Sameer Farooq
Cheek by Jowl
October 19 to November 18, 2023
Galerie Nicolas Robert is pleased to present Cheek by Jowl, an exhibition of new works by Sameer Farooq that seeks to engage viewers in a poetic reflection on cultural production across regions through collage. Stemming from a research period at the Metropolitan Museum of Art, the works in Cheek by Jowl are grounded in Farooq’s signature fascination with the idea of compressing or flattening both time and space. Historical artifacts from the years 100-500 CE, a period of great cultural production and the robust exchange of objects and ideas from across the globe, are overlapped with commonplace items found during Farooq’s daily commute to the museum. With a sustained focus on the way that museums write and locate history through the lenses of taxonomy, plunder, and colonial impulses, these works exemplify one way to bring seemingly disparate objects back into conversation with each other. Intricate, uncanny, and at times even humorous, each new arrangement serves to remind us that all objects are in a constant state of becoming, and that cross-pollination has always existed. With Cheek by Jowl, Farooq is doubling down his efforts to rebuild severed ties between objects, regions, and cultures, and create space to reflect on ideas of cohesion and fracture, entanglement, and erasure. In these choreographed entanglements of present and past, historical artifacts become intertwined with their current environments, reminding us that they are as alive and relevant today as any object produced in its time.

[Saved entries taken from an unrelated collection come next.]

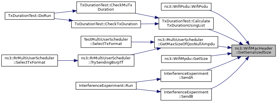 Referenced by WifiMacHeader(), ns3::InterferenceHelper::AddForeignSignal(), TxDurationTest::CalculateTxDurationUsingList(), WifiPhyCcaThresholdsTest::CreateDummyPsdu(), ns3::MeshWifiBeacon::CreateHeader(), OriginatorBlockAckWindowTest::DoRun(), BlockAckRecipientBufferTest::DoRun(), WifiMacQueueDropOldestTest::DoRun(), ns3::FrameExchangeManager::DoSendCtsAfterRts(), WifiPrimaryChannelsTest::DoSendHeTbPpdu(), WifiPrimaryChannelsTest::DoSetup(), ns3::AdhocWifiMac::Enqueue(), ns3::StaWifiMac::Enqueue(), AmpduAggregationTest::EnqueuePkts(), ns3::MeshWifiInterfaceMac::ForwardDown(), ns3::ApWifiMac::ForwardDown(), ns3::dot11s::HwmpProtocolMac::ForwardPerr(), ns3::GetAckSize(), ns3::GetBlockAckRequestSize(), ns3::GetBlockAckSize(), ns3::GetCtsSize(), ns3::GetMuBarSize(), ns3::GetRtsSize(), SpectrumWifiPhyBasicTest::MakeSignal(), WifiPhyThresholdsTest::MakeWifiSignal(), ns3::BlockAckManager::NotifyDiscardedMpdu(), ns3::HeFrameExchangeManager::PostProcessFrame(), ns3::QosTxop::PrepareBlockAckRequest(), ns3::HeFrameExchangeManager::PrepareMuBar(), TestMultipleHeTbPreambles::RxHeTbPpdu(), TestSpectrumChannelWithBandwidthFilter::Send(), InterferenceExperiment::SendA(), ns3::HtFrameExchangeManager::SendAddBaRequest(), ns3::HtFrameExchangeManager::SendAddBaResponse(), TestAmpduReception::SendAmpduWithThreeMpdus(), ns3::StaWifiMac::SendAssociationRequest(), ns3::ApWifiMac::SendAssocResp(), InterferenceExperiment::SendB(), ns3::HtFrameExchangeManager::SendBlockAck(), ns3::QosFrameExchangeManager::SendCfEndIfNeeded(), ns3::FrameExchangeManager::SendCtsToSelf(), ns3::HtFrameExchangeManager::SendDelbaFrame(), WifiPrimaryChannelsTest::SendDlMuPpdu(), WifiPrimaryChannelsTest::SendDlSuPpdu(), ns3::EhtFrameExchangeManager::SendEmlOmn(), WifiPhyCcaIndicationTest::SendHeSuPpdu(), TestUlMuMimoPhyTransmission::SendHeSuPpdu(), TestUlOfdmaPhyTransmission::SendHeSuPpdu(), TestPhyPaddingExclusion::SendHeTbPpdu(), TestUlOfdmaPhyTransmission::SendHeTbPpdu(), TestUlMuMimoPhyTransmission::SendHeTbPpdu(), TestUlOfdmaPowerControl::SendMuBar(), ns3::HeFrameExchangeManager::SendMultiStaBlockAck(), TestUlOfdmaPpduUid::SendMuPpdu(), TestDlMuMimoPhyTransmission::SendMuPpdu(), TestDlOfdmaPhyTransmission::SendMuPpdu(), TestDlOfdmaPhyPuncturing::SendMuPpdu(), ns3::HeFrameExchangeManager::SendMuRts(), TestNonHtDuplicatePhyReception::SendNonHtDuplicatePpdu(), ns3::FrameExchangeManager::SendNormalAck(), ns3::ApWifiMac::SendOneBeacon(), WifiPhyReceptionTest::SendPacket(), ns3::dot11s::PeerManagementProtocolMac::SendPeerLinkManagementFrame(), SpectrumWifiPhyFilterTest::SendPpdu(), SpectrumWifiPhyMultipleInterfacesTest::SendPpdu(), TestUnsupportedBandwidthReception::SendPpdu(), ns3::dot11s::HwmpProtocolMac::SendPrep(), ns3::dot11s::HwmpProtocolMac::SendPreqVector(), ns3::StaWifiMac::SendProbeRequest(), ns3::ApWifiMac::SendProbeResp(), ns3::HeFrameExchangeManager::SendQosNullFramesInTbPpdu(), ns3::FrameExchangeManager::SendRts(), TestUlOfdmaPpduUid::SendSuPpdu(), TestUlOfdmaPpduUid::SendTbPpdu(), ns3::dot11s::AirtimeLinkMetricCalculator::SetHeaderTid(), PowerRateAdaptationTest::TestAparf(), PowerRateAdaptationTest::TestParf(), PowerRateAdaptationTest::TestRrpaa(), and TestMultipleCtsResponsesFromMuRts::TxNonHtDuplicateCts().
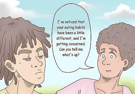 Talk to your teen. If you're concerned your teen may have an eating disorder, the first step is talking to your teen about your concerns. This requires a good deal of tact, since teens may quickly get defensive or even aggressive if confronted about an eating disorder. Let your teen know about any concerning behavior you've seen or heard. Use "I" statements and avoid direct accusations. For example, instead of saying, "You have an eating disorder," say something like, "I've noticed that your eating habits have been a little different, and I'm getting concerned. Can you tell me what's up?" You may need to approach your teen several times before you get an honest answer. It's not uncommon for teens to lie about not having an eating disorder and insist that everything is fine.
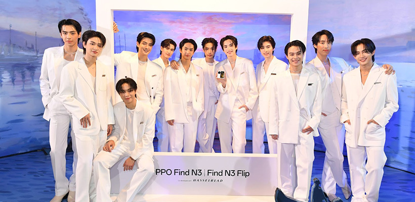 อีกหนึ่งดาวเด่นของงานที่ออร่าพุ่งกระจาย คือหนุ่มๆ ไอดอลหน้าใหม่ 789 DEBUT GROUP ทั้ง 12 คน ได้แก่ อลัน, มาร์ค, ขุนพล, ฮาร์ท, จินวุค, ไทย, เน็กซ์, ภู, คอปเปอร์, เอเอ, จั๋ง และภีม ที่ชื่นชมกับดีไซน์ของ OPPO Find N3 Flip "พวกผมเชื่อว่าสมาร์ตโฟนรุ่นนี้จะต้องถูกใจพี่ๆ เป็นพิเศษ เพราะว่ากล้องพอร์ตเทรตเทพมาก ถ่ายรูปพอร์ตเทรตลงโซเชียลได้แบบไม่อายใคร และที่สำคัญคือดีไซน์ด้านนอกดูแฟชั่นสุดๆ และน่ารักมาก โดยเฉพาะจอด้านนอกขนาดใหญ่ที่เลี้ยงสัตว์ 3D แบบ Interactive ได้ด้วย แล้วถ้าดูที่สีตัวเครื่องมีให้เลือกหลากหลายตามสไตล์แต่ละคน ทั้งสีทองดูหรูหรา, สีชมพูดูน่ารัก และสีดำดูเท่ เลือกไม่ถูกเลยทีเดียว"
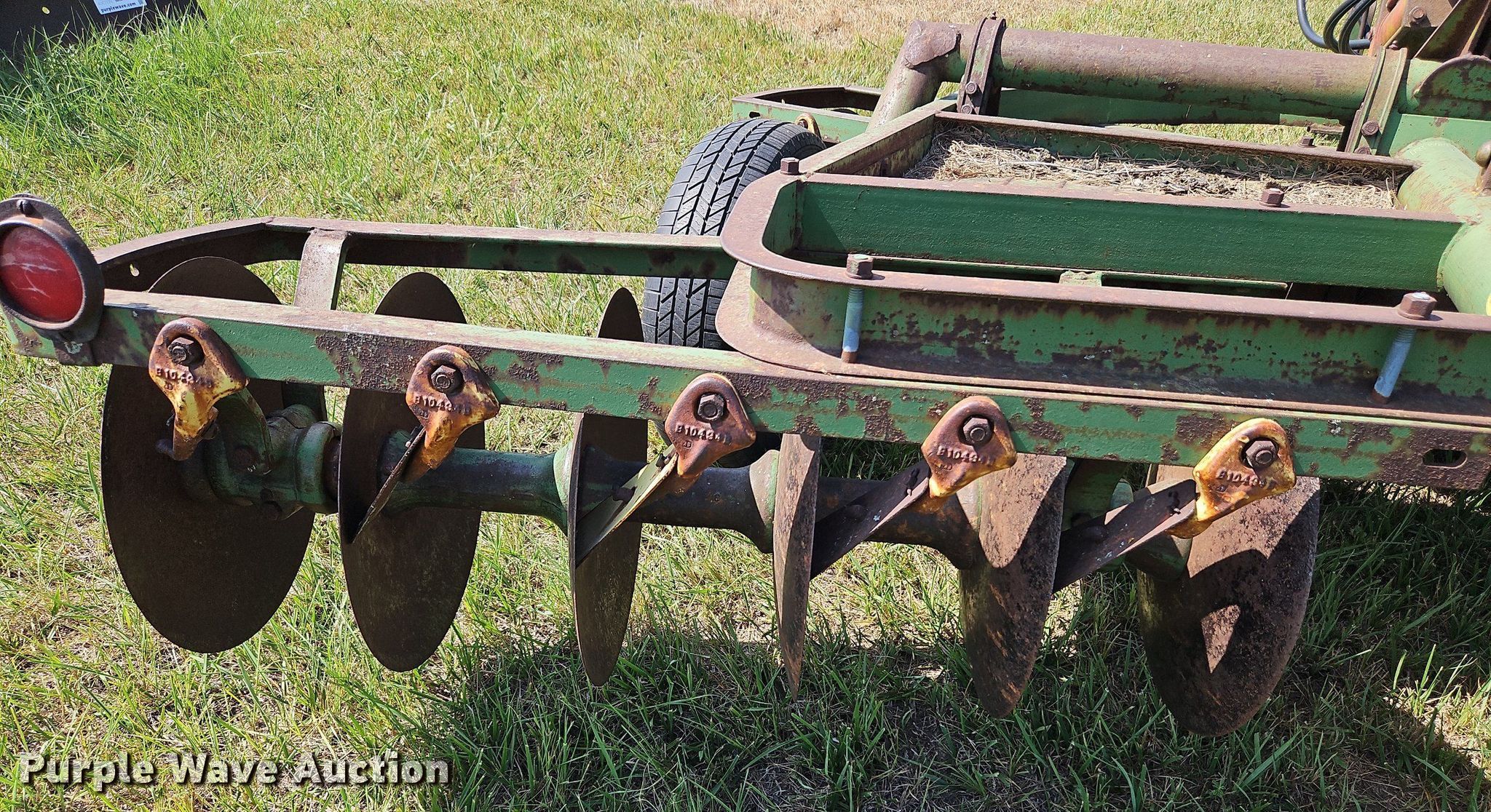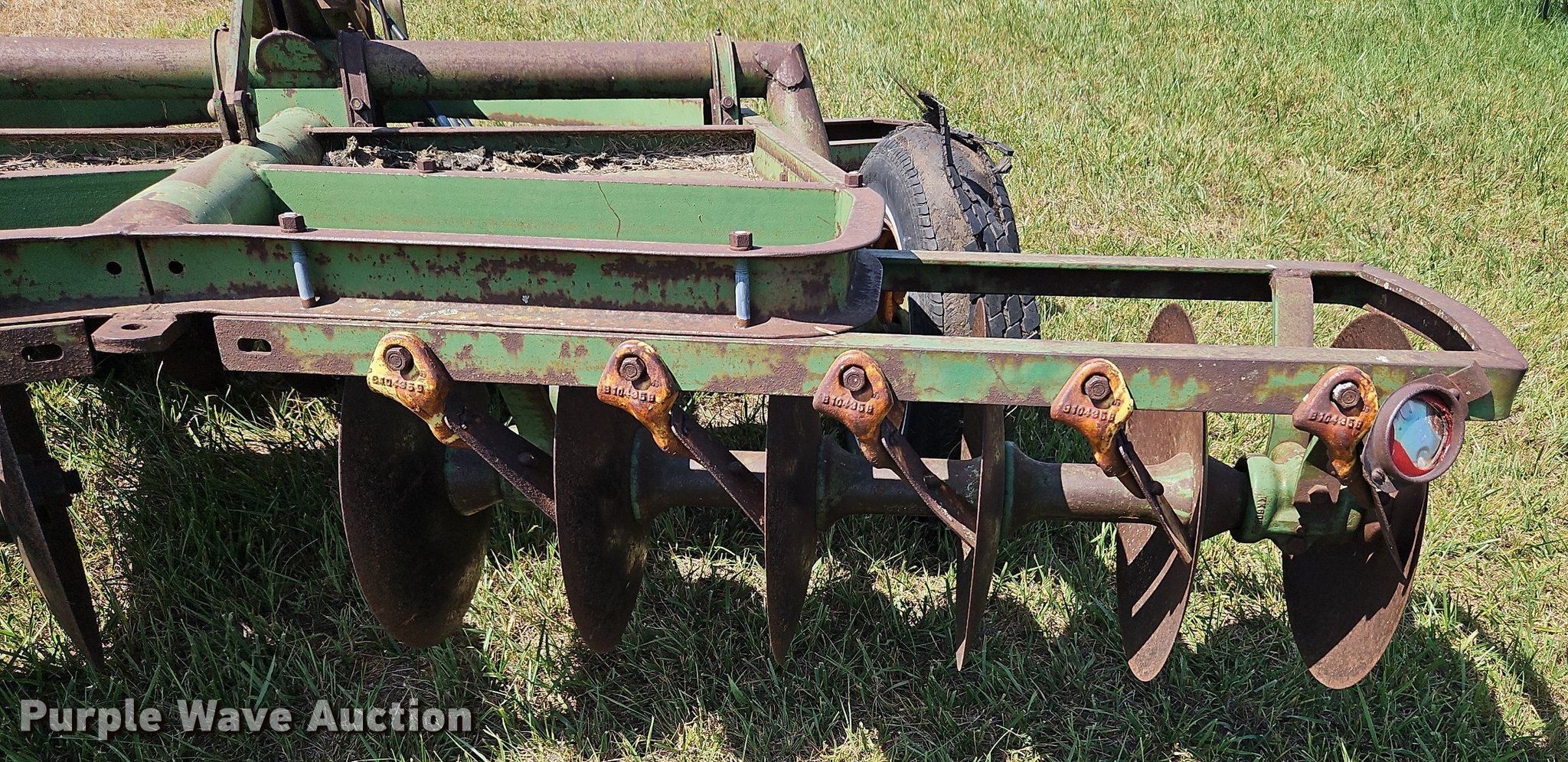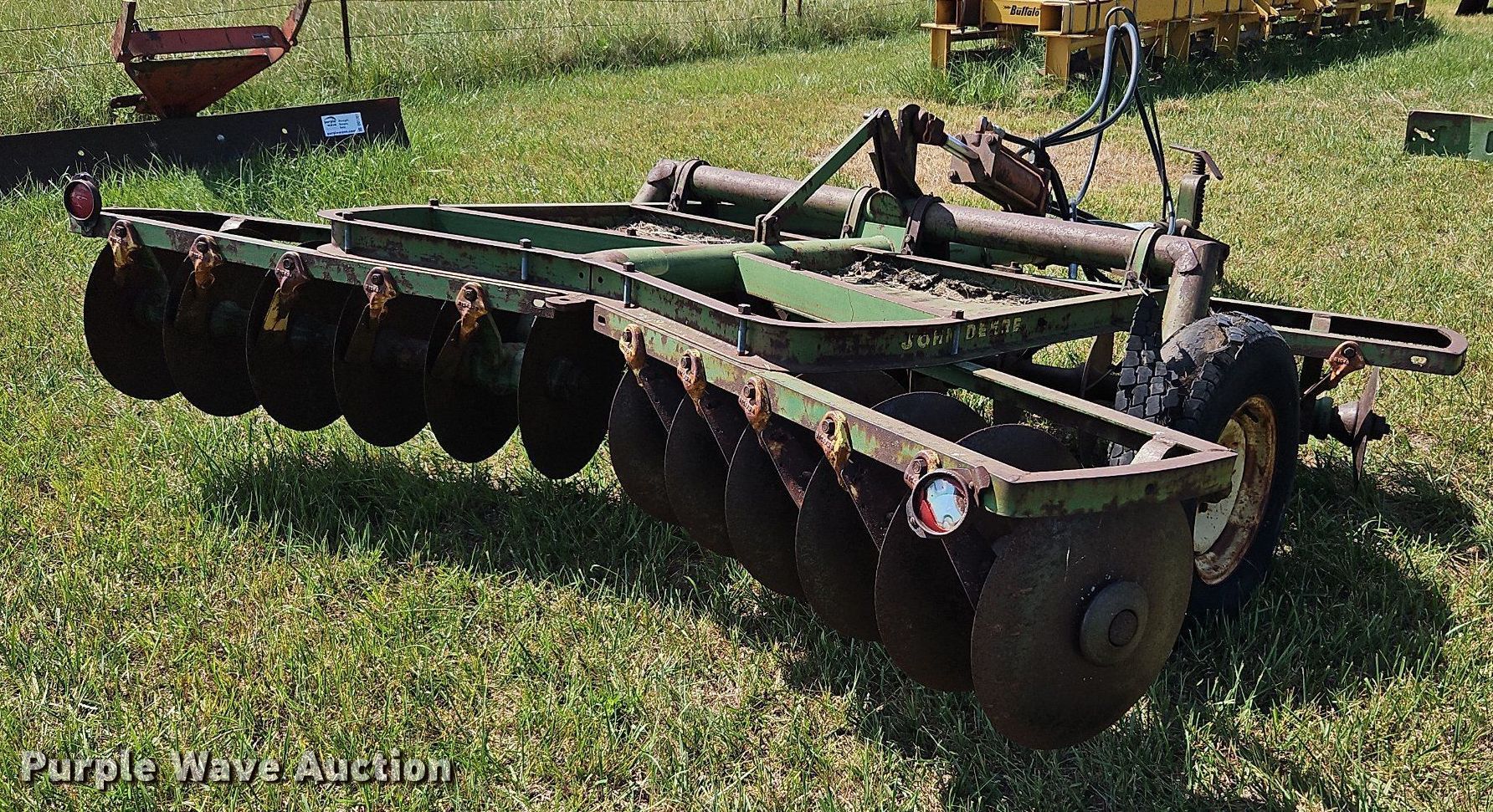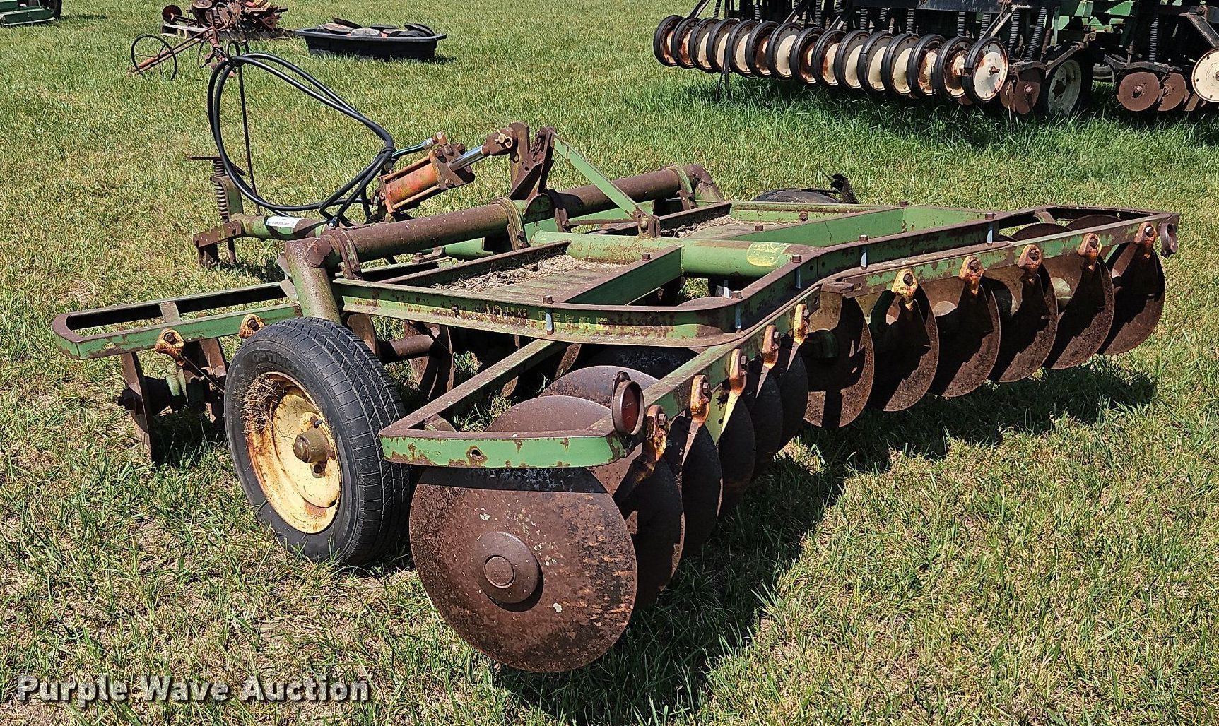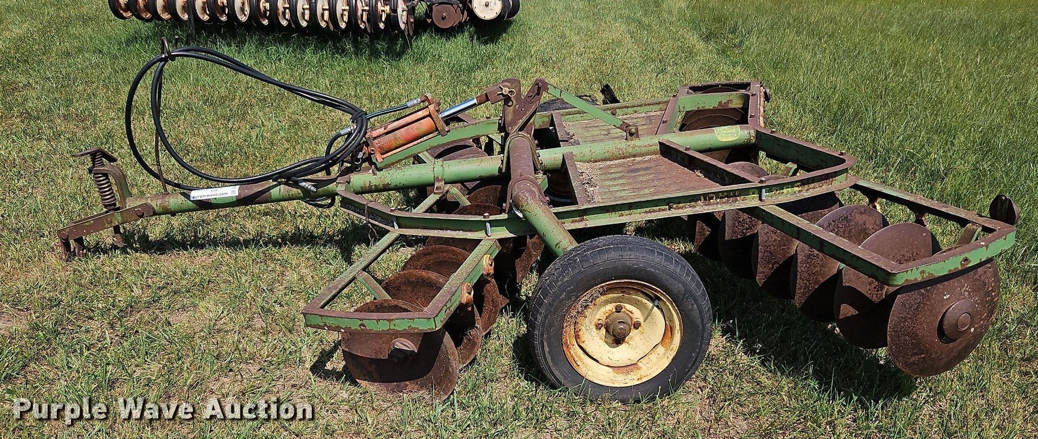 Purple Wave is selling a used Disk in Kansas. This item is a John Deere tandem disk with the following: Overall width: 8' 5"
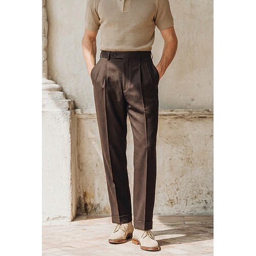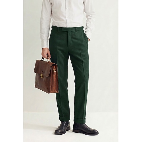 Uomo Cotone Lino Pantaloni Eleganti Pantaloni casual Affari Ufficio Formale Classico Casual Quotidiano Esercito verde Nero Blu marino scuro Tinta unica Vestibilità su misura Lungo Inelastico
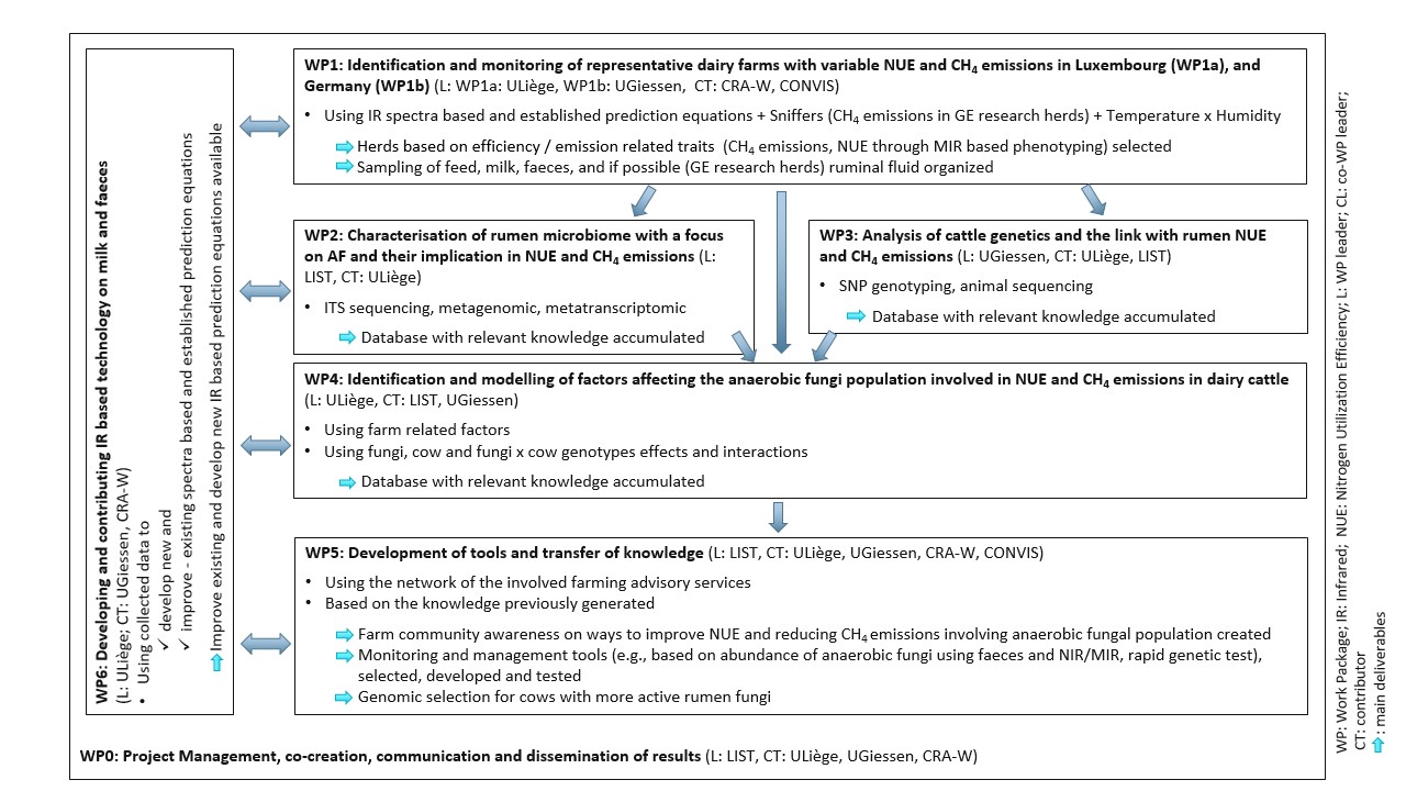 NITMETFUN will transfer knowledge to the farming community in Luxembourg and beyond throughout North-Western Europe, specifically supporting the strong dairy sector in this region. We will develop rapid and non-invasive tools for the assessment of the rumen anaerobic fungi communities. This will be done directly through the molecular analysis of faeces for the presence of fungi. And indirectly, based on improved infrared equations applied to milk, respectively faeces, to predict feed nitrogen utilization efficiency and methane emissions in dairy cows.

Sameer Farooq is a Canadian artist of Pakistani and Ugandan Indian descent. With a versatile approach that shifts between sculpture, photography, documentary film, and anthropological methods, he investigates strategies of representation to expand the ways through which museums have looked at the past through traditional forms of collection, interpretation, and display. Farooq foregrounds community-based models of knowledge production and an array of contemplative practices in order to suggest new ways of narrating our cultural histories. The result is often a collaborative work which counterbalances how dominant institutions speak about our lives: a counter-archive, new additions to a museum collection, or a buried history made visible.
Sameer Farooq has held exhibitions at institutions around the world including the Venice Architecture Biennale (2023), Rijksmuseum van Oudheden, Leiden (2023), Walter Phillips Gallery, Banff (2023), Dalhousie Art Gallery, Halifax (2023), Fonderie Darling, Montréal (2022); Susan Hobbs, Toronto (2022); Koffler Gallery, Toronto (2021); Patel Brown, Toronto (2021); Lilley Museum, Reno (2019); Aga Khan Museum, Toronto (2017); Institute of Islamic Culture, Paris (2017); Contemporary Art Gallery, Vancouver (2016); The British Library, London (2015); Maquis Projects, Izmir (2015); Artellewa, Cairo (2014); and the Art Gallery of Ontario, Toronto (2011). Reviews dedicated to his work have been published by Art Forum, Canadian Art, The Washington Post, BBC Culture, Hyperallergic, Artnet, The Huffington Post, and C Magazine. He is an alumni of the prestigious Bemis Center Residency.